The fourth of Simon and Eleanor’s sons was born around 1244, perhaps at Kenilworth, where the family returned after Henry’s failed expedition to recover Poitou. It’s fitting that the first mention of this most warlike of the Montfort sons comes in battle, at Lewes, where he shared the joint command of a division with his brother Henry. He served as a castellan for his father until Evesham, where he was picked up wounded off the field and imprisoned in Windsor. He was later transferred to Dover for no other obvious purpose than to allow him to escape. The rest of his surviving family was already on the continent, and Henry and Edward figured the realm was better off cleared of the Montforts for good.
   Since his father was said to have been a ‘blood brother’ of Charles of Anjou, he soon found rapid advancement under Charles in his conquest of Italy and Sicily. At Alba in 1268, he single-handedly broke through the enemy’s lines, but by the time he rejoined his men, his helmet had become twisted around, blinding and suffocating him. He swung wildly to his left and right like a madman until a member of his squad was able to fix the wardrobe malfunction.

   Charles was clearly impressed and in 1270 named Guy as his vicar-general for the whole of Tuscany. His fortunes increased further with his marriage to Margherita Aldobrandesca, the heiress of an ancient local family. He was well on his way to becoming a powerful overlord of the region when his cousin Henry of Almain showed up.
   Henry was traveling in the party of the new French King Philip III and Charles of Anjou, who decided to stop in Viterbo to check on the progress of electing a new pope. Guy was also in the city, presumably to meet Charles, and according to Edward’s later account, Henry sought him out to make peace between their families. Guy’s brother Simon was with him at the time and together their answer was to come upon Henry while at Mass and hack away at him in front of the terrified congregation.

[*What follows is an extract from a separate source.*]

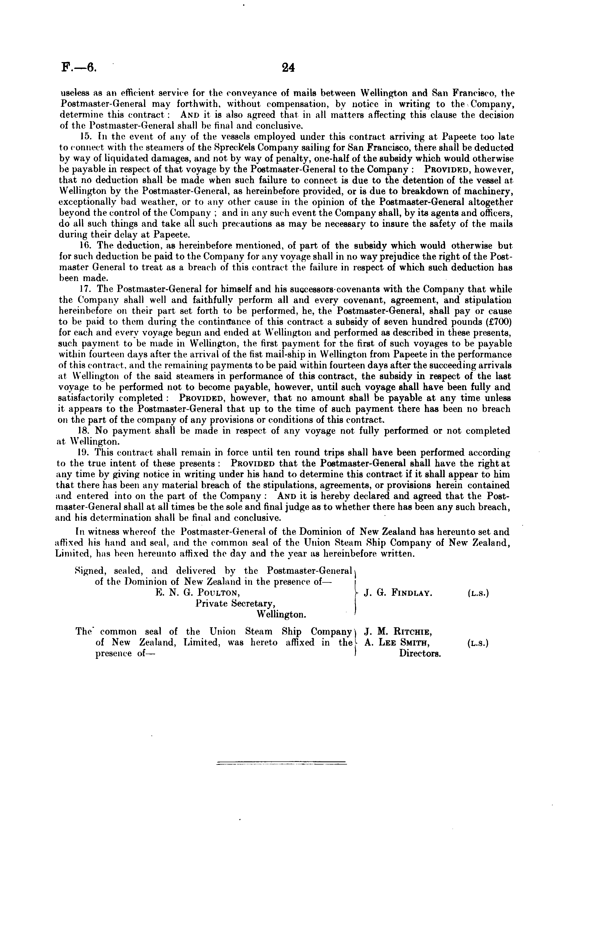 Useless as an efficient service for the conveyance of mails between Wellington and San Francisco, the Postmaster-General may forthwith, without compensation, by notice in writing to the Company, determine this contract : And it is also agreed that in all matters affecting this clause the decision of the Postmaster-General shall be final and conclusive. 15. In the event of any of the vessels employed under this contract arriving at Papeete too late to connect with the steamers of the Spreckels Company sailine for San Francisco, there shall be deducted by way of liquidated damages, and not by way of penalty, one-half of the subsidy which would otherwise lie payable in respect of that voyage by the Postmaster-General to the Company : Provided, however, that no deduction shall be made when such failure to connect is due to the detention of the vessel at Wellington by the Postmaster-General, as hereinbefore provided, or is due to breakdown of machinery, exceptionally bad weather, or to any other cause in the opinion of the Postmaster-General altogether beyond the control of the (lompany : and in any such event the Company shall, by its agents and officers, do all such things and take all such precautions as may be necessary to insure the safety of the mails during their delay at Papeete. Hi. The deduction, as hereinbefore mentioned, of part of the subsidy which would otherwise but for such deduction be paid to the Company for any voyage shall in no way prejudice the right of the Postmaster General to treat as a breach of this contract the failure in respect of which such deduction has been made. 17. The Postmaster-General for himself and his successors covenants with the Company that while the Company shall well and faithfully perform all and every covenant, agreement, and stipulation hereinbefore on their part set forth to be performed, he, the Postmaster-General, shall pay or cause to be paid to them during the continuance of this contract a subsidy of seven hundred pounds (£700) for each anil every voyage begun and ended al Wellington and performed as described in these presents, such payment to be made in Wellington, the first payment for the first of such voyages to be payable within fourteen days after the arrival of the fist mail-ship in Wellington from Papeete in the performance of this contract, and the remaining payments to be paid within fourteen days after the succeeding arrivals at Wellington of the said steamers in performance of this contract, the subsidy in respect of the last voyage to be performed not to become payable, however, until such voyage shall have been fully and satisfactorily completed : Provided, however, that no amount shall be payable at any time unless it appears to the Postmaster-General that up to the time of such payment there has been no breach on the part of the company of any provisions or conditions of this contract. 18. No payment shall be made in respect of any voyage not fully performed or not completed at Wellington. 111. This contract shall remain in force until ten round trips shall have been performed according to the true intent of these presents : Provided that the Postmaster-General shall have the right at any time by giving notice in writing under his hand to determine this contract if it shall appear to him that there has been any material breach of the stipulations, agreements, or provisions herein contained and entered into on the part of the Company : And it is hereby declared and agreed that the Postmaster (leneral shall at all times be the sole and final judge as to whether there has been any such breach, and bis determination shall be final and conclusive. In witness whereof the Postmaster-General of the Dominion of New Zealand has hereunto set and affixed his hand and seal, and the common seal of the Union Steam Ship Company of New Zealand, Limited, has been hereunto affixed the day and the year as hereinbefore written. Signed, sealed, and delivered by the Postmaster-General\ of the Dominion of New Zealand in the presence of— E. N. G. Podlton, >• J. G. FINDLAY. (L.S.) Private Secretary, Wellington. The' common seal of the Union Steam Ship Company] J. M. Ritchie. of New Zealand. Limited, was hereto affixed in the|- A. Lee Smith, (1.5.) presence of— Directors.
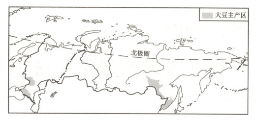 (云南中考)大豆喜温、需水较多,广泛用于食品加工工业。近年来,俄罗斯大豆种植面积和产量大幅度增长,同时,大豆进口量和出口量也在持续增加,形成西部地区进口、东部地区出口的国际贸易格局。读俄罗斯大豆主产区分布示意图,回答16~17题。

Henry may or may not have been still alive when Guy dragged him by the hair out into the square, where he and his horsemen finished him off in a fashion that was meant to avenge the dismemberment of his father’s body at Evesham.
   All of Europe was understandably shocked by the brutal murder, but the Montfort brothers definitely felt that Henry had it coming. He not only sold out to Edward and his minions, but took part in the wholesale disinheritance that followed. He then more or less sealed his fate as far as the Montforts were concerned by marrying the daughter of their father’s mortal enemy, Gaston de Bearn. Edward could not have chosen a more unsavory henchman to send on a mission of peace.
   Immediately dispossessed by Charles, Guy was on the run for the next two years in Tuscany. At Edward’s urging, the pope finally took action, yet Guy was able to plead for a lenient sentence that involved little more than house arrest. Legend has him escaping again, making his way to France, even to Norway, but by 1281 he was back in service under Charles. His luck came to an end in 1287 when he was part of the Angevin attempt to reclaim Sicily. Captured by the Aragonese, he died in prison despite the best efforts of his family to ransom him. 
   He left behind two daughters Anastasia and Thomasia, who provided the only known direct descendants of Simon de Montfort. Dante Alighieri was a young boy at the time and may have once even seen Guy before the murder in the company of his knights or after while he was eluding the authorities. For the murder of Henry of Almain, he placed him in the seventh circle of his Inferno, immersed in a river of boiling blood.